Comercio pide límites para las ocupaciones en sector privado.

«HAY QUE endurecer el rumbo y ajustar conductas al Derecho, que está para aplicarse. Se le pasa por arriba a los derechos, no hay un respeto por los derechos del otro y se privilegian algunos intereses corporativos», dijo el abogado laboralista Nelson Larrañaga, durante el foro organizado ayer por la Cámara Nacional de Comercio y Servicios (Cncs), que reclamó al gobierno la regulación única de la ocupación de los lugares de trabajo.
Durante el encuentro, los juristas participantes coincidieron en que existe desigualdad en el tratamiento que el Ejecutivo da al tema en la actividad privada, respecto al sector público. Si bien se valoró que el decreto firmado la semana pasada por el presidente José Mujica «es un primer paso para poner límite a las ocupaciones» que se considera son ilegítimas, se criticó que al Ejecutivo «le cueste decir» que la medida no está dentro del derecho de huelga. «Tienen que animarse a hacer lo mismo en el sector privado. El gobierno tiene facultades legales para desocupar los lugares de trabajo y tiene que animarse a hacerlo. No es un tema de voluntarismo, es un tema de Derecho», manifestó Larrañaga.
Durante la exposición, se remarcó que el dictamen dado en febrero de 2010 por el Comité de Libertad Sindical de la Organización Internacional del Trabajo (OIT) se considera un avance que separó el ejercicio del derecho de huelga de la ocupación, y que pidió al gobierno que garantizara el respeto de la libertad de trabajo de los no huelguistas y de los empresarios a ingresar a sus instalaciones. Sin embargo, se hizo hincapié en que el gobierno «no interviene» y deja el tema en manos de la Justicia. «Quien está obligado a garantizar el libre ejercicio de los derechos, por un lado es la Justicia, pero también la Policía y se nos dice: ¡qué difícil que intervenga la Policía! Eso está en la ley 13.963», dijo Larrañaga.
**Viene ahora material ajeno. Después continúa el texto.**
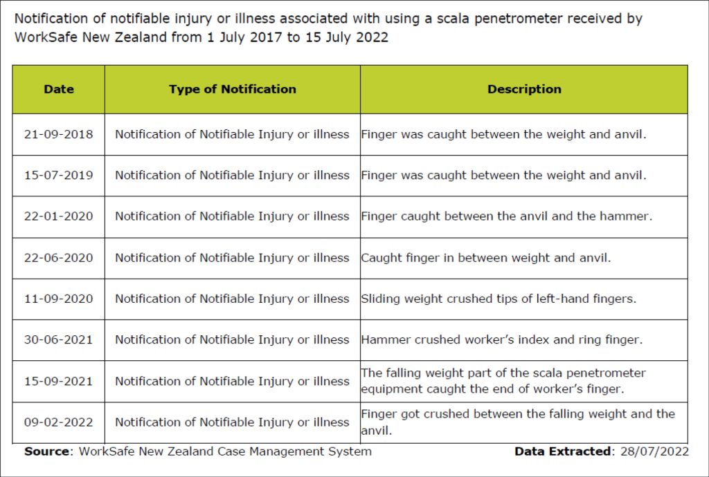 Figure 2: WorkSafe New Zealand Official Information Act Request – Notified Scala Penetrometer Injures

En referencia al decreto 165/2006 vigente para el sector privado, se indicó que la desocupación con intervención de la Policía es «casi inexistente» porque sólo se prevé en caso que estén involucrados los servicios esenciales. Por su parte, el especialista en derecho administrativo Augusto Duran afirmó que es incorrecto que la resolución se restrinja al sector público. Consideró que es «irracional», «discriminatorio» y que «desconoce el principio de igualdad». Además, remarcó que la huelga es un «no hacer», mientras que la ocupación es una «acción positiva».
En tanto, el abogado laboral Eduardo Ameglio sostuvo que el decreto vigente para el sector privado «fomenta las ocupaciones» y las «resuelve mal» porque son los trabajadores no huelguistas los que tienen que recurrir al juez para que ordene la desocupación. En referencia a la disposición que rige para el sector público, dijo que su justificación es «cantinflesca». «¿Por qué frente a un mismo fenómeno se dan dos soluciones? Este decreto prohíbe la ocupación en el sector público y no hay negociación. En el otro dice que hay que seguir negociando. Son soluciones contrarias», dijo Ameglio.